Problem statement:
Your task is to restate word for word the lines in the material below, from the one with "This card holder" up to and including the one with "在江蘇展區(qū),一位正在". Do not carry over the pictures.

Data extracts START

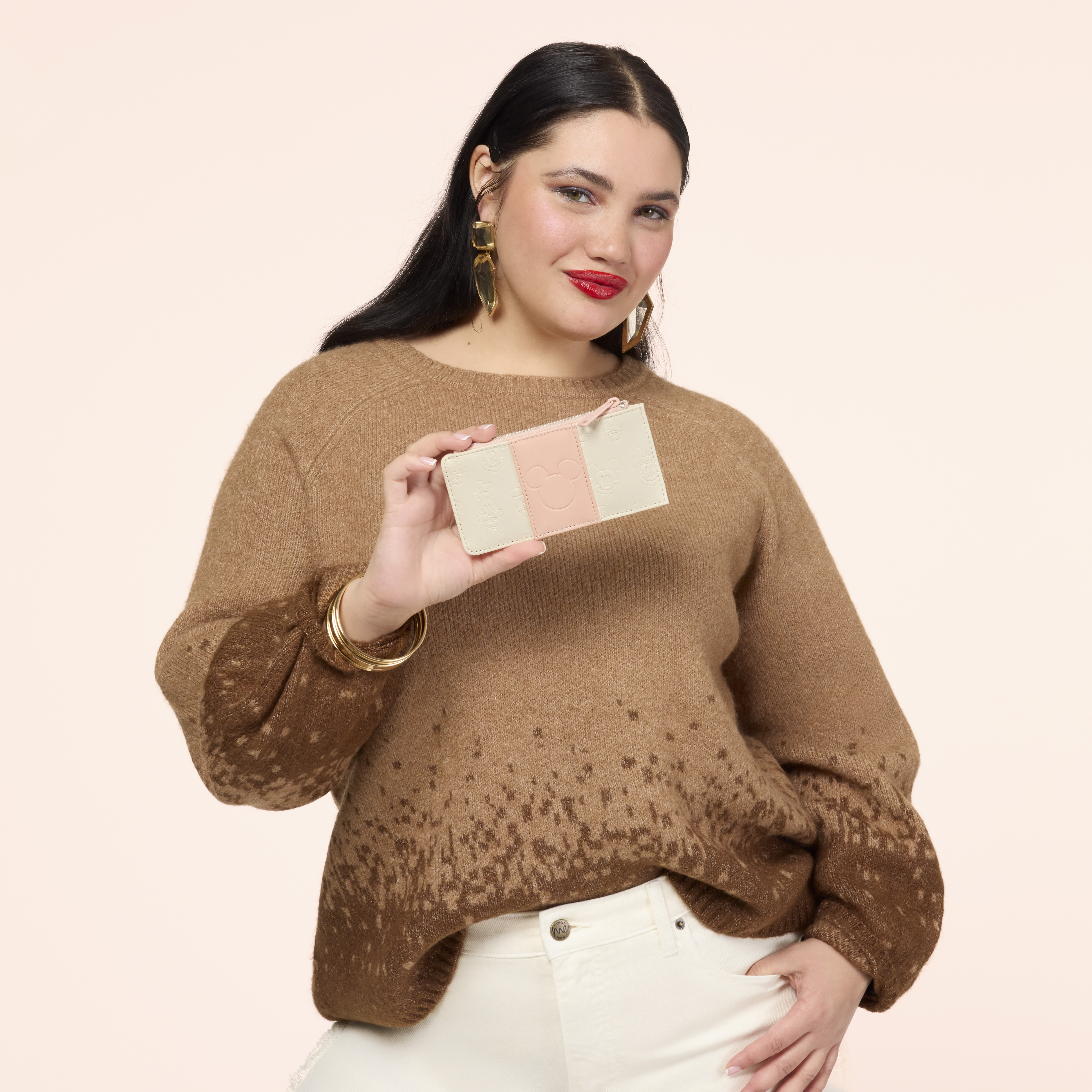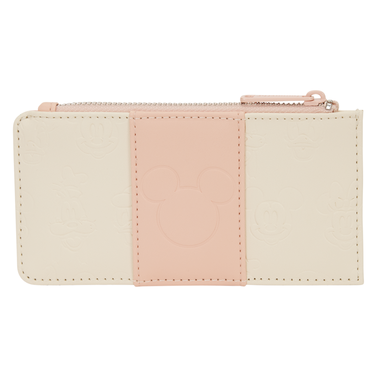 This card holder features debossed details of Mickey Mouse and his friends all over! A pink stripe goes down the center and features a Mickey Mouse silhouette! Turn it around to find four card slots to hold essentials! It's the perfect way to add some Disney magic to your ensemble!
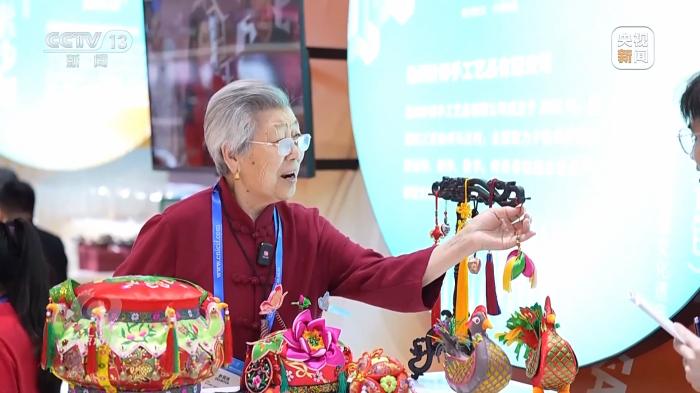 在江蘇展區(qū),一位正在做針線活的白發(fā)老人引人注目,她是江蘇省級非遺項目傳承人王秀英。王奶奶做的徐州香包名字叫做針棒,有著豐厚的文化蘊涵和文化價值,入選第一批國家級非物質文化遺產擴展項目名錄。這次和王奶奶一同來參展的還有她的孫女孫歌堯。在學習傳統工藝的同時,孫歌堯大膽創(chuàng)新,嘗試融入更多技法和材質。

Data extracts END
Data extracts START

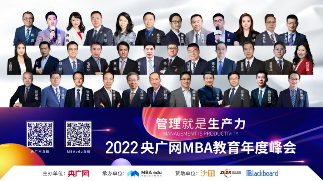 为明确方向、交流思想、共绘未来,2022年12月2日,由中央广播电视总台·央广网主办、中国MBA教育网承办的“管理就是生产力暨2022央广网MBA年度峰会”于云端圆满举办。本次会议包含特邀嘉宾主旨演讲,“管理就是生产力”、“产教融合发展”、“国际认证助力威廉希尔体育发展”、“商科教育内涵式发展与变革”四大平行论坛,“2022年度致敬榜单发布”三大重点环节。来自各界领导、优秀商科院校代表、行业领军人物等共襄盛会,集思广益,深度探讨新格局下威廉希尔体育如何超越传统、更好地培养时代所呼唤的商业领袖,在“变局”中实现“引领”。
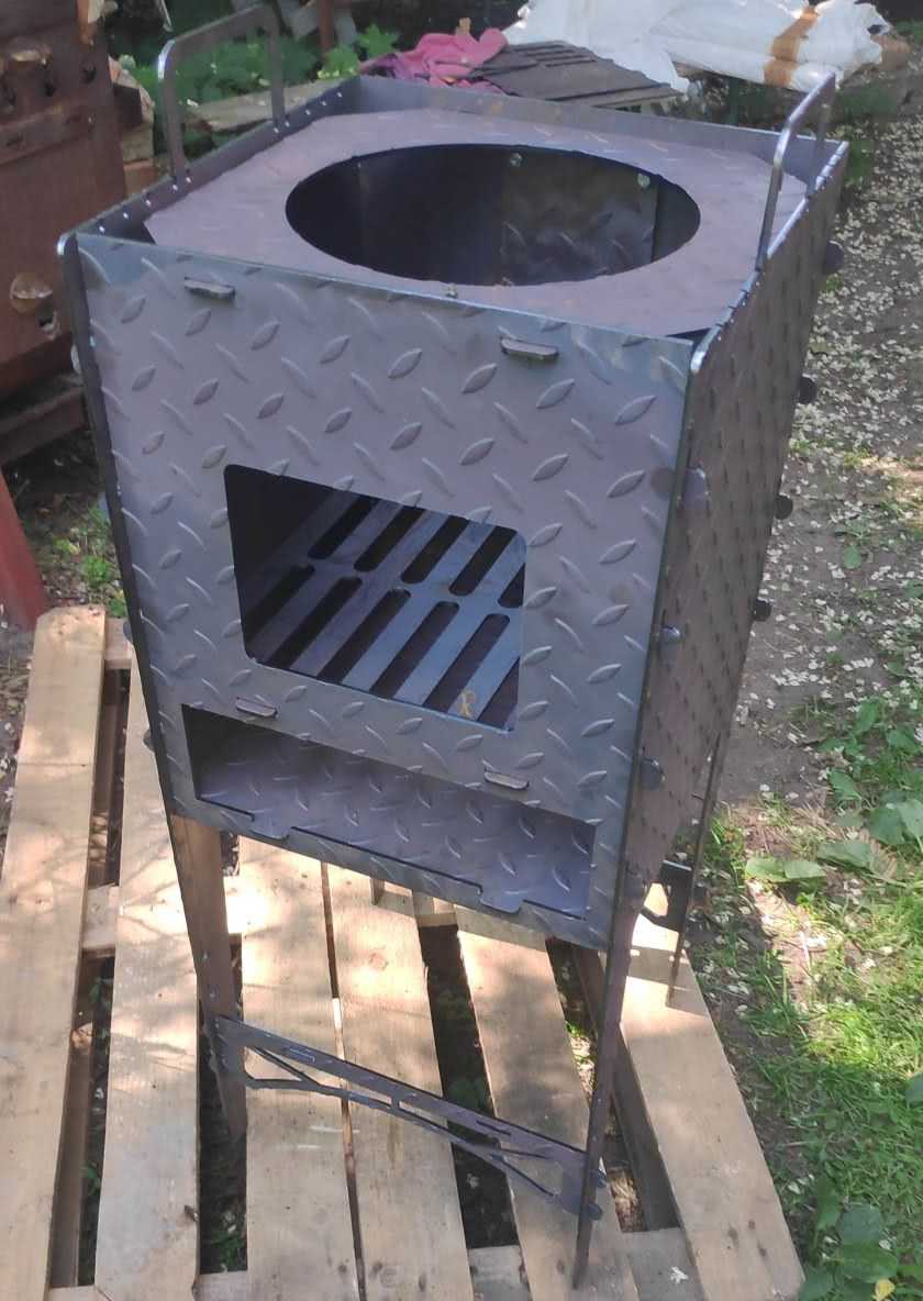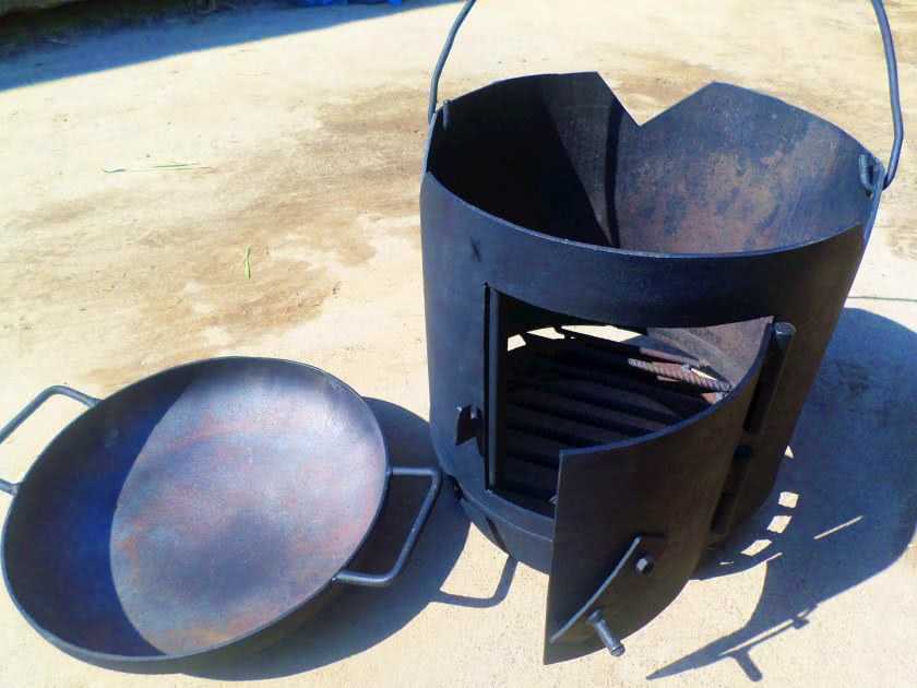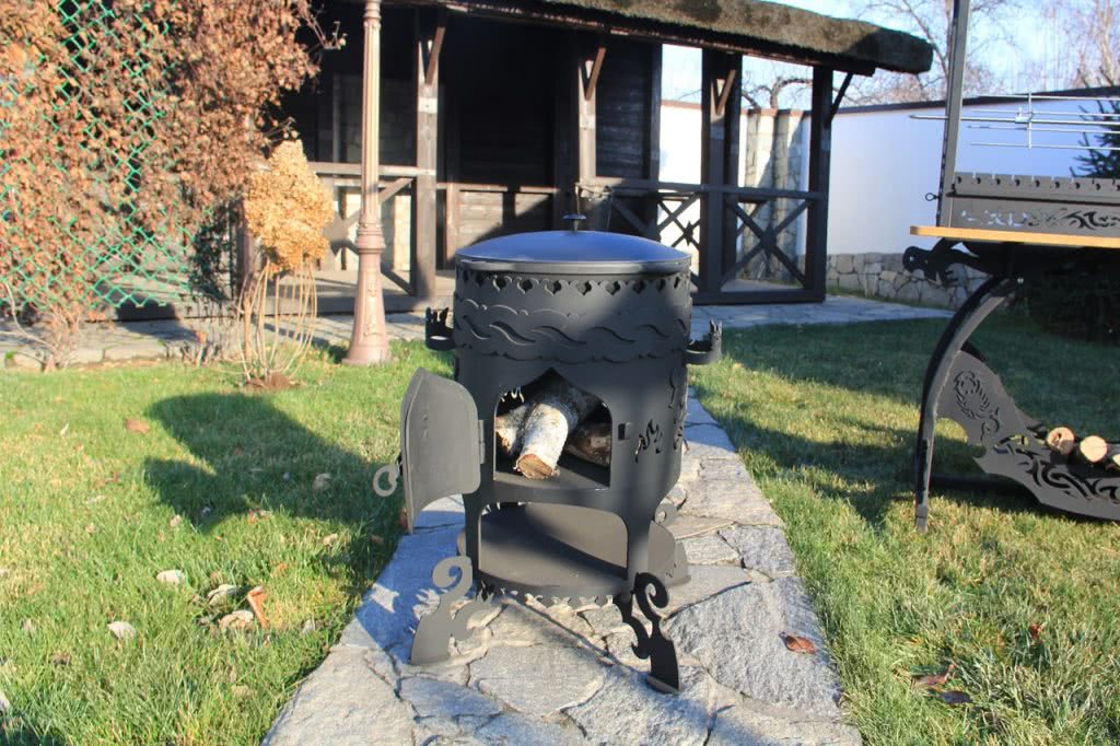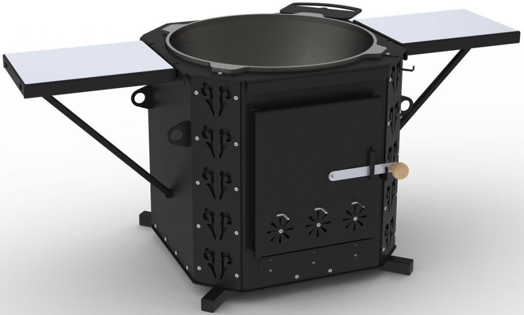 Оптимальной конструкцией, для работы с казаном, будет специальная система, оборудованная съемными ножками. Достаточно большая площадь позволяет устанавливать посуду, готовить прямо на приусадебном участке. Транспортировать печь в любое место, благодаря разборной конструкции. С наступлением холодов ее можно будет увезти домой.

Data extracts END

Solved exercise:
 This card holder features debossed details of Mickey Mouse and his friends all over! A pink stripe goes down the center and features a Mickey Mouse silhouette! Turn it around to find four card slots to hold essentials! It's the perfect way to add some Disney magic to your ensemble!
 在江蘇展區(qū),一位正在做針線活的白發(fā)老人引人注目,她是江蘇省級非遺項目傳承人王秀英。王奶奶做的徐州香包名字叫做針棒,有著豐厚的文化蘊涵和文化價值,入選第一批國家級非物質文化遺產擴展項目名錄。這次和王奶奶一同來參展的還有她的孫女孫歌堯。在學習傳統工藝的同時,孫歌堯大膽創(chuàng)新,嘗試融入更多技法和材質。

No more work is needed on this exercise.